What Sets It Apart From Other Detective Games

Chronicles of Crime often gets compared to other tabletop detective experiences, and the comparison tends to favor it for accessibility and pacing. The app handles all the bookkeeping that can bog down text-heavy detective games, delivering clue text cleanly and tracking which locations and characters are available at any given point. This means less time flipping through manuals or cross-referencing paragraph numbers and more time actually investigating.

Learning the game is easy enough that non-gamers can jump in with minimal explanation. Scanning QR codes is intuitive for anyone with a smartphone, and the game’s structure of “go somewhere, talk to someone, look at something” maps onto how most people already think about detective work. This accessibility has made it a popular choice for couples and small groups who enjoy mystery fiction but don’t consider themselves board gamers.

Should You Play Chronicles of Crime?

If you enjoy cooperative puzzle-solving, detective fiction, or mystery games and don’t mind the involvement of a companion app, Chronicles of Crime is one of the best options in the genre.
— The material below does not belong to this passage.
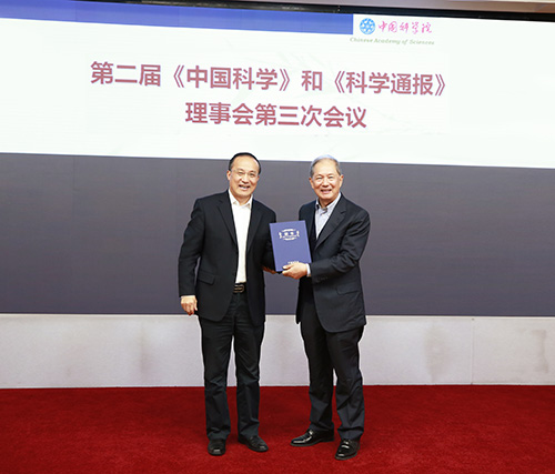 希望编辑部和编委会、国科控股和科学出版社、学部工作局和科学传播局等能够听取意见、提供支持,把各项建议落到实处,齐心协力推动“两刊”发展。党的十九大刚刚胜利召开,习总书记的讲话对科技期刊的发展提出了新的更高的要求。在这关键时期,希望新一届“两刊”编委会的总主编和各辑主编带领编委会和编辑部办好“两刊”,使“两刊”早日跨入世界一流期刊的行列,成为引领全国科技期刊发展的“旗舰”。

It works well at all player counts, with solo play and two-player games being particularly strong. The time pressure and open information design create natural discussion, and the Scan & Play system demonstrates that app integration in board games can enhance rather than replace the tabletop experience.

Skip it if app dependency is a dealbreaker for you, or if you need a game that offers unlimited replayability from a single box. Players who strongly prefer purely analog board gaming experiences will find the constant phone scanning at odds with what they want from the hobby. And if you’ve already played through several scenario-based detective games and feel burned out on the format, Chronicles of Crime is unlikely to change your mind about the genre’s fundamental limitation.
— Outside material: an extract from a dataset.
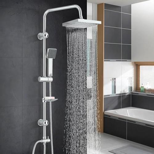 Ongebruikt, volledig, ok, beschadigde verpakking, Hevenaov Douchekolom zonder kraan, douche voor badkamers, hydromassagezuil, doucheset, chroom, vierkant, eengreepsmengkraan van roestvrij staal, vierkante doucheset, 20 x 20 cm, B0F18GD8DH

The Verdict on Chronicles of Crime

Chronicles of Crime proves that app integration in board games can be done right. The Scan & Play system is elegant, the cases are well-constructed, and the cooperative experience it generates ranks among the best in detective gaming. Its weaknesses are inherent to the genre: finite scenarios and technological dependency. But the quality of each individual playthrough is high enough that most groups will feel they got their money’s worth long before they run out of cases to solve. Few games blend digital and physical components this smoothly.